*ASSIGNMENT:* For the data below, restate word for word only the lines from the line containing "Former NFL players" through the line containing "足袋は 足裏の部分が汚れ色あ", both ends included.

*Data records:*
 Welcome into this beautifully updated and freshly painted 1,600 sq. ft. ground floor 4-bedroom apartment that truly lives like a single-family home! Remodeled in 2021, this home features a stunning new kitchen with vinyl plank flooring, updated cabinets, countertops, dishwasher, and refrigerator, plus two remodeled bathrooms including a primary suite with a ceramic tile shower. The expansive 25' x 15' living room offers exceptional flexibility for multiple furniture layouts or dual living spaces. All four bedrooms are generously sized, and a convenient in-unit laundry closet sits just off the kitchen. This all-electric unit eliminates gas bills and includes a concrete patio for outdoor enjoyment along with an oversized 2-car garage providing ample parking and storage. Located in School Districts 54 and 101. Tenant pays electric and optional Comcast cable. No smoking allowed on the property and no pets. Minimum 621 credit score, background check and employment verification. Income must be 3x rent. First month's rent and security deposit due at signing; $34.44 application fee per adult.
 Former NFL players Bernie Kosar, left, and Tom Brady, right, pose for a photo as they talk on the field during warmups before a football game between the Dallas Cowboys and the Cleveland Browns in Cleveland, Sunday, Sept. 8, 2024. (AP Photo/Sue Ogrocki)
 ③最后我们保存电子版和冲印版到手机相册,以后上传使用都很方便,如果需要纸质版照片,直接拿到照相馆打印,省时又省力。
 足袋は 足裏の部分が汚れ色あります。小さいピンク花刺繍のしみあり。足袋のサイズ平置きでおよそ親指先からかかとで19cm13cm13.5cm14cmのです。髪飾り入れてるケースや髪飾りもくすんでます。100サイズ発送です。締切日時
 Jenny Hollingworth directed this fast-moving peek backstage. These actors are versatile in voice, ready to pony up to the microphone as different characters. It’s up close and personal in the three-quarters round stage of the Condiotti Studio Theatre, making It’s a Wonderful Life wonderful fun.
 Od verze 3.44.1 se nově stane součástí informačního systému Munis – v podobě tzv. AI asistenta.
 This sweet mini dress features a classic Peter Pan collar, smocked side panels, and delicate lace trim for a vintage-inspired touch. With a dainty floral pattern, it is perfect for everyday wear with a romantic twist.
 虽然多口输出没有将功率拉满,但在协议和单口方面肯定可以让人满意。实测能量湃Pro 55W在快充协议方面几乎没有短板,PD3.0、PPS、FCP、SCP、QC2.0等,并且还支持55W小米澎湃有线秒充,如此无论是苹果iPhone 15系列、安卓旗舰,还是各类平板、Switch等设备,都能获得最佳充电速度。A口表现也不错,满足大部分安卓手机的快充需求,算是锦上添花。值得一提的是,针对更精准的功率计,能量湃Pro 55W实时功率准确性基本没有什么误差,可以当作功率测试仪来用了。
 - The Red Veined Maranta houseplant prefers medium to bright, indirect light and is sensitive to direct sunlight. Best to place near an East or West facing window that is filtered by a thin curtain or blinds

*ANSWER TO THE EXERCISE:*
 Former NFL players Bernie Kosar, left, and Tom Brady, right, pose for a photo as they talk on the field during warmups before a football game between the Dallas Cowboys and the Cleveland Browns in Cleveland, Sunday, Sept. 8, 2024. (AP Photo/Sue Ogrocki)
 ③最后我们保存电子版和冲印版到手机相册,以后上传使用都很方便,如果需要纸质版照片,直接拿到照相馆打印,省时又省力。
 足袋は 足裏の部分が汚れ色あります。小さいピンク花刺繍のしみあり。足袋のサイズ平置きでおよそ親指先からかかとで19cm13cm13.5cm14cmのです。髪飾り入れてるケースや髪飾りもくすんでます。100サイズ発送です。締切日時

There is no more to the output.